Category	Day 1	Day 2	Day 3	Day 4	Day 5	Day 6	Abs. Gain	Rel. Gain
Social Interaction	54.01%	60.34%	60.34%	60.34%	60.34%	60.34%	+6.33	+11.72%
Search & Retrieval	22.73%	30.00%	30.00%	34.55%	34.55%	34.55%	+11.82	+52.00%
Creative Synthesis	11.57%	21.80%	21.80%	21.80%	21.80%	21.80%	+10.23	+88.41%
Safety & Alignment	24.00%	24.00%	24.00%	24.00%	32.00%	32.00%	+8.00	+33.33%

Table 3: User-side daytime results showing performance gains over 6 evolution rounds.

Analysis of Evolution Patterns (Tables 4-7): Skill evolution followed distinct, category-specific trajectories:

Social Interaction: Early, sharp improvement from refining workflow explicitness and execution reliability (e.g., rewriting a summarization skill into strict procedural steps).
Search & Retrieval: Staged improvement, first resolving input/file validation, then advancing to constraint-aware retrieval planning.
Creative Synthesis: Large early jump from fixing environment setup (workspace validation), then plateauing as later multimodal pipeline skills did not surpass the early best pool.
Safety & Alignment: Later improvement focused on execution reliability under real-world constraints (e.g., Git authentication fallbacks, correct cloning procedures).

Controlled Validation: A controlled test on three custom queries isolating common failure modes showed an average gain of +42.1% after a single evolution round, confirming the mechanism's effectiveness for procedural corrections.

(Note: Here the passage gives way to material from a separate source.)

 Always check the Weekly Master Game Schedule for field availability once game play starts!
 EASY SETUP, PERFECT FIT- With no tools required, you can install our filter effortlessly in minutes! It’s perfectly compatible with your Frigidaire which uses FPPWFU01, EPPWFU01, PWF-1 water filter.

Query	Baseline (%)	Post-Evolve (%)	Gain
basic extraction	21.7%	69.6%	+47.8%
deadline parsing	41.1%	48.0%	+6.9%
save report	28.3%	100.0%	+71.7%
Average	30.4%	72.5%	+42.1%

Table or text: Controlled validation results on custom queries.

Case Studies (Figures 2-5): Illustrate how evolution concretely improves agent behavior:

Slack Analysis (Fig 2): Evolved skill corrected API port, added selective full-message retrieval, and specified output path, transforming a naive, error-prone workflow into a structured, reliable pipeline.
ICCV Paper Analysis (Fig 3): Evolved skill introduced a strict "first affiliation" definition and targeted manual verification, replacing heuristic name-matching with accurate, robust counting.
SAM3 Inference (Fig 4): Evolved skill added environment prechecks, treated missing paths as non-blocking, and enabled adaptive execution (e.g., CPU patching), improving robustness under incomplete conditions.
Product Selection (Fig 5): Evolved skill enforced structured, constraint-aware verification against official sources and calibrated decision-making, preventing early stopping on partial matches.

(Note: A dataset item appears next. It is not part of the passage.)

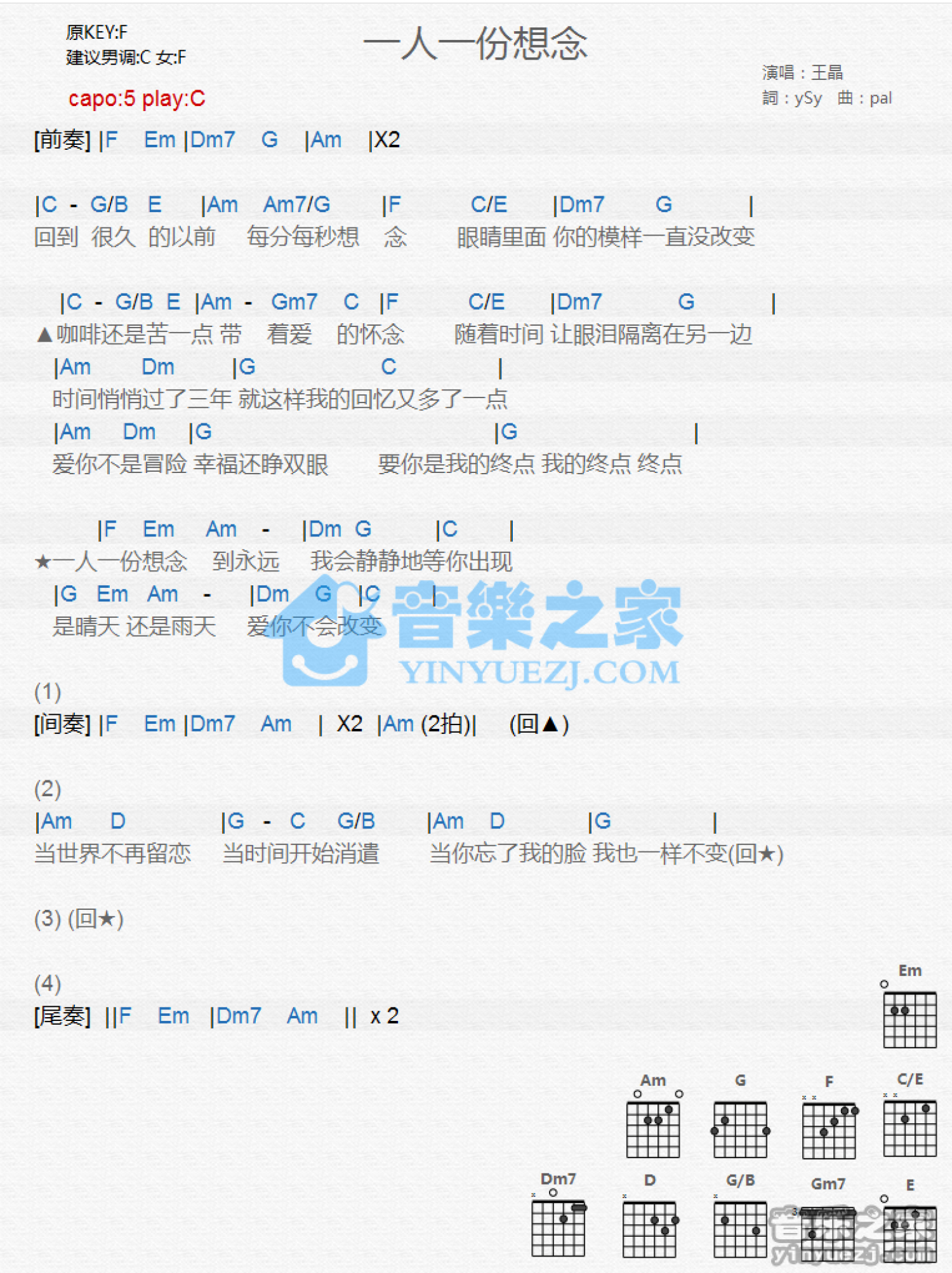 曲谱介绍: C调版《一人一份想念》吉他和弦弹唱谱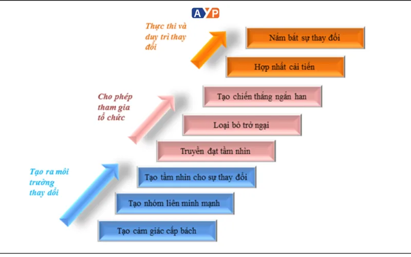 Mô hình này do John Kotter phát triển, chia quy trình thay đổi thành 8 bước:

Theoretical and Practical Implications

Theoretical Implications: SkillClaw represents a conceptual shift from static skill libraries to dynamic, interaction-driven skill ecosystems. It demonstrates that skills can and should evolve through real-world usage, leveraging aggregated cross-user experience as a powerful signal for system-level capability growth. The agentic evolution paradigm bridges the gap between isolated interaction-level improvements and collective, cumulative learning.

Practical Implications:

For Deployed Agent Systems: Provides a scalable, automated pathway for continuous improvement without requiring user intervention or manual engineering. Improvements discovered by one user automatically benefit the entire community.
For Robustness and Reliability: Evolution directly targets recurring procedural failures and environmental mismatches, leading to more robust and reliable agents in real-world, imperfect conditions.
For Skill Design: Highlights the importance of designing skills as editable, evidence-compressing artifacts rather than fixed instructions. The framework's validation loop ensures deployment stability.

Conclusion

SkillClaw enables collective skill evolution in multi-user agent ecosystems by transforming ordinary interaction trajectories into shared evidence and employing an agentic evolver for updates. This establishes a continuous loop where interaction drives skill improvement, and improved skills enhance future interactions. The framework is fully automatic, collective, and adaptive, demonstrating significant performance gains in realistic benchmarks. This work motivates future research on self-improving agent systems that leverage cross-user experience to achieve continuous, cumulative capability growth.